I spoke at length w/ a friend working on mortgage-backed securities for GS a few years ago and dealing with third-party (and even intra-office) trust was specifically why he was looking into blockchains, but I'll admit to not being super familiar w/ R3's blockchain implementation. If anyone has a less diatribey and more technical resource they could link to that'd be great.
It will never work in that use case. And I was hoping that the recent ethereum fork after the Dao debacle made it clear for everyone..
They will probably not be using the public Ethereum blockchain, so the fork won't be relevant.
I think Bangladesh cares about it by now
Is your argument that Bangladesh would have been safe if they were using a blockchain? Given their revealed security practices, I'd be surprised if they had the ability to secure any private keys from being revealed - and they would have had even less recourse with a blockchain based system (though admittedly, their recourse is limited even now).
I don't think so. They would have lost ALL if the private key would have been compromised. In this case they even managed to block some transactions and recover quite a big chunk of money.
The banks aren't using trustless consensus. They're using a third-party "uniqueness service" to prevent fraud.
I doubt this message will propagate further than technical forums - you're just going to have suck up the homogenization, pasteurization, retail branding and consumer promotion of a once great technology
Interesting, my original understanding was that they were using the blockchain for uniqueness for Corda, but it looks like it's optional: https://r3cev.com/blog/2016/4/4/introducing-r3-corda-a-distr...

This somewhat makes sense since one of Corda's departures is that consensus and validation are limited in scope to the participants.

And things like Smart Contracts are relatively new (1994), even though the concepts had been laid out in the 1970s.

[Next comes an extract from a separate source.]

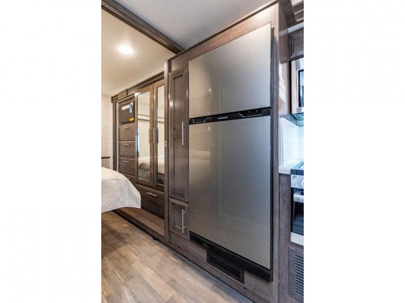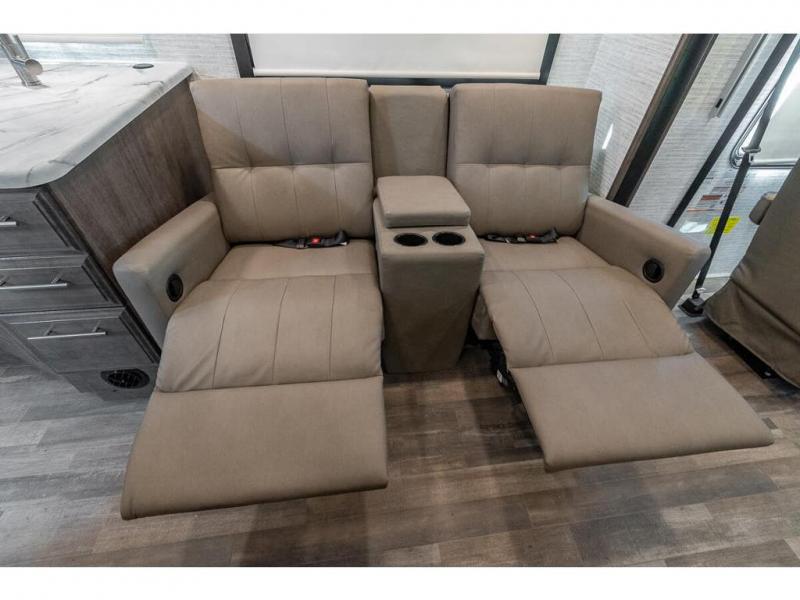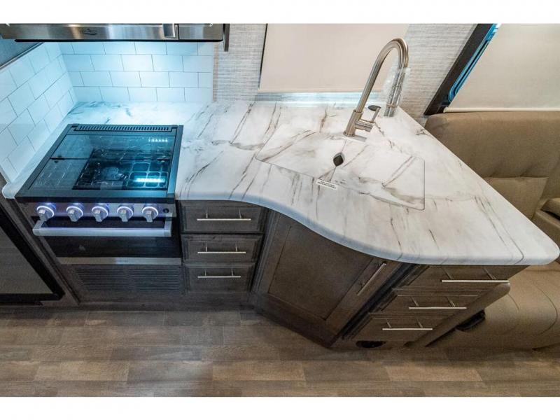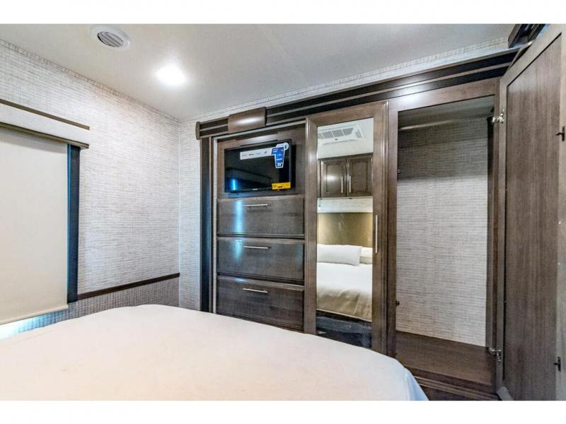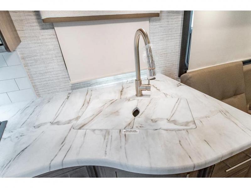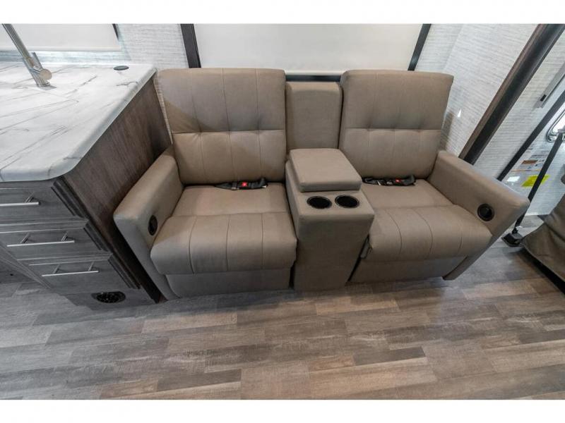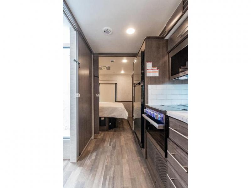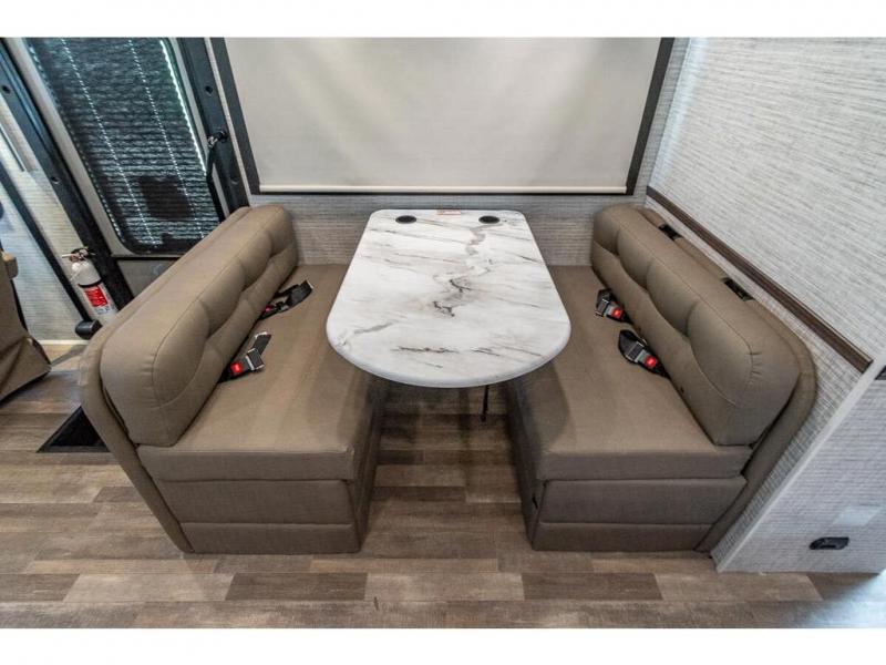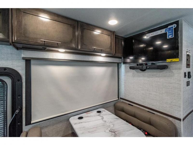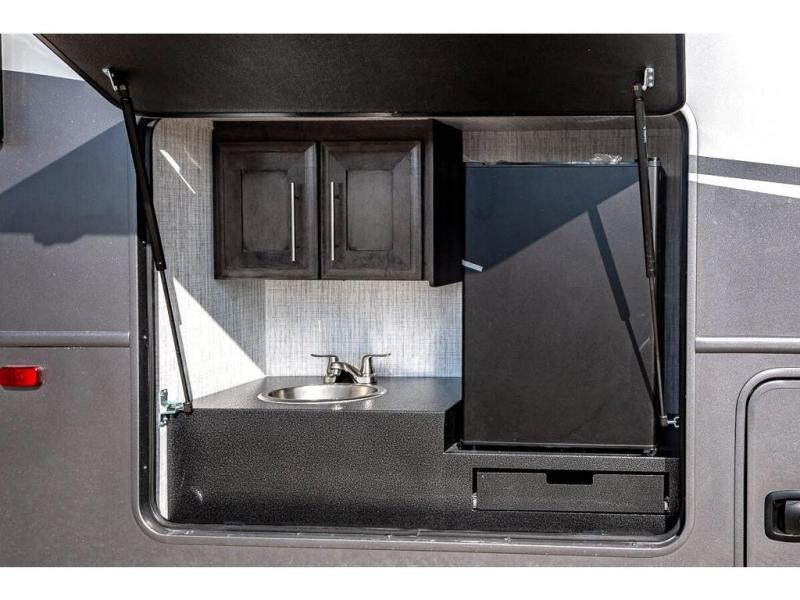 This Vision Class A gas motorhome has excellent interior living space with a full-wall slide! You'll fully enjoy the kitchen and the amenities it provides, like a residential-size microwave, a 10 cu. ft. 12V refrigerator, a Furrion all-in-one cooktop and oven, and a pantry. The 68" jack-knife sofa and booth dinette offer you lounging space after a full day of traveling, and the 39" LED HD Smart TV offers you some entertainment when you don't want to be active anymore. The exterior portion of this coach is also excellently appointed with an outdoor kitchen, exterior entertainment center with LED HD Smart TV, radio, and speakers, and a 23' electric awning with LED lights. You also have great choices of options for this coach with the optional theater seating, LED HDTV in the bedroom, or drop-down overhead cab bunk.

Smart Contracts are part of what makes blockchain more versatile, enabling transaction ledgers that can support the level of overwhelming (and sometimes unnecessary) complexity BFSIs can produce.

Unfortunately, even at this point, Smart Contracts probably still have many security challenges to overcome before banks can adopt it.

I think they are referring to post-bitcoin days, the quote was referenced from a paper released just last month.

Resistance to new technology is definitely a thing at banks, I remember when I worked at one I mentioned blockchain one day and everyone looked at me like deer in the headlights.

The trustlesness comes with a heavy price of Proof of Work with its wastefulness, complexity and vulnerability to various attacks. I can understand why financial institutions don't want that part.
It shouldn't be necessary either. The proof-of-work is only necessary to avoid a central party wrt. which blockchain is the "right one". Financial institutions are working together with each other, they can easily just agree on which blockchain to follow. But without proof-of-work, the blockchain is just a database with atomic updates. I don't see why they would need a blockchain for that.

Ripping Bitcoin in two gives you two fairly uninteresting things: 1) hash-cash and 2) a database full of public keys/signatures. Only combining the two gives you something interesting: negotiable/fungible hash cash (hash cash that can be transferred from person to person via a distributed database).

> But without proof-of-work, the blockchain is just a database with atomic updates. I don't see why they would need a blockchain for that.

I have been asking this question for a long time and not yet seen a satisfactory answer. At this point I'm sure that either I or a bunch of blockchain advocates are missing something important. Glad to know somebody else sees the problem too.

I had this feeling when I was discussing it here.

https://news.ycombinator.com/item?id=12044767

I think by "blockchain" they mean hashed blocks that include the hash of the previous block and can be synced; basically git.
That doesn't gain you much besides a definite order and a way to check integrity. Useful things to be sure, but nothing a traditional database can't do.